Wednesday, 24 June 2015

Real Estate Industry takes a sign of relief as RBI cuts the Repo Rates..



The Reserve Bank of India (RBI) has cut the Repo Rates for the third time in 2015, this time too by 25 basis points, effective immediately.
 
After multiple events instilling hopes of a better real estate market in the last few days, there’s another one that has brought cheer amongst the industry folks. The Reserve Bank of India (RBI) has cut the Repo Rates for the third time in 2015, this time too by 25 basis points effective immediately. The rate has been brought down from 7.5 per cent to 7.25 per cent.

The move has definitely been welcomed by the real estate fraternity and has raised hopes of improving market conditions plagued by unsold inventory of housing units since a long time. Pradeep Jain, Chairman, Parsvnath Developers Ltd says, “Considering that the realty sector has been struggling with increasing inventories and low housing demand since last few quarters, it was an expected move.

We hope for the banks to pass on the benefit to the customers, thereby, stimulating the overall demand.”
Though it is seen as a positive move, the industry finds the rate cut inadequate and longs for more to have a considerable impact.
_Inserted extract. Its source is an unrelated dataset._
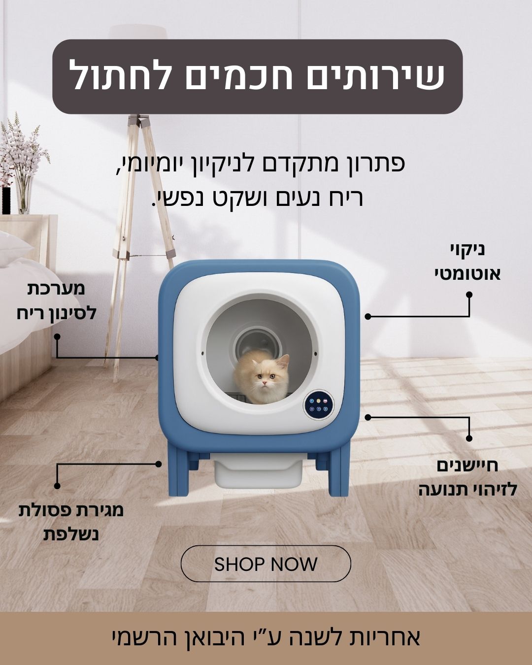 המערכת האוטומטית מזהה מתי החתול משתמש בארגז, ממתינה לסיום, ומבצעת ניקוי עצמי מלא – בלי צורך בהתערבות ידנית. עם מערכת לסינון ריחות, פעולה שקטה במיוחד ושליטה מלאה דרך אפליקציה – אתם שומרים על ניקיון, חוסכים זמן, ונהנים מאוויר נקי בבית.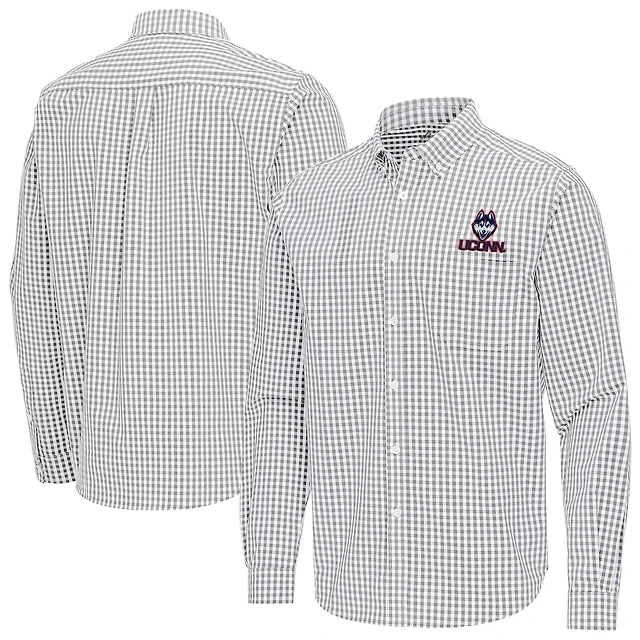 Men's Antigua Gray UConn Huskies Ellis Woven Tri-Blend Long Sleeve Button-Down Shirt

Rakesh Kumar Arora, Chairman, Supertech Ltd says, “The announcement to cut the repo and reverse repo rates by 25 basis points is not sufficient, although it is an indication of the positive approach of RBI towards investment in the country.

The Industry was seeking a cut of at least one per cent to bring back confidence in home buyers and investors, ease out EMIs and give a fillip to housing demand.”
Expressing further displeasure, Arora says, “Reducing funding costs in real estate is the need of the hour as it would only bring in more investments and create more jobs. However, the RBI has not addressed this crucial issue.”
No change in the home loan interest rates, despite frequent cuts in repo rates, is also being seen as a major setback. Lalit Kumar Jain, CMD, Kumar Urban Development Ltd and Former Chairman, CREDAI believes this step to be gradational in renewing the zest of the real estate sector, however, says, "The net effect has to be translated into an interest rate cut, that has not happened as yet. Despite the RBI cutting the repo rate by 75 basis points in recent past, the net reduction by banks has not been more than 25-30 points.”

While the move may not seem to have impressed many developers due to its poor impact on the property prices, customer sentiments and sales, it still has been welcomed for its potential to trigger improvement in the realty space. Amit Modi, Director- ABA Corp and Vice President, CREDAI Western UP says, “While it is indeed a step in the right direction, 25 basis points cut may not be enough to spur the investment cycle. There is definitely more required, and lending rates will have to further come down by at least one or two percentage points to improve the general sentiment towards investments in the country.”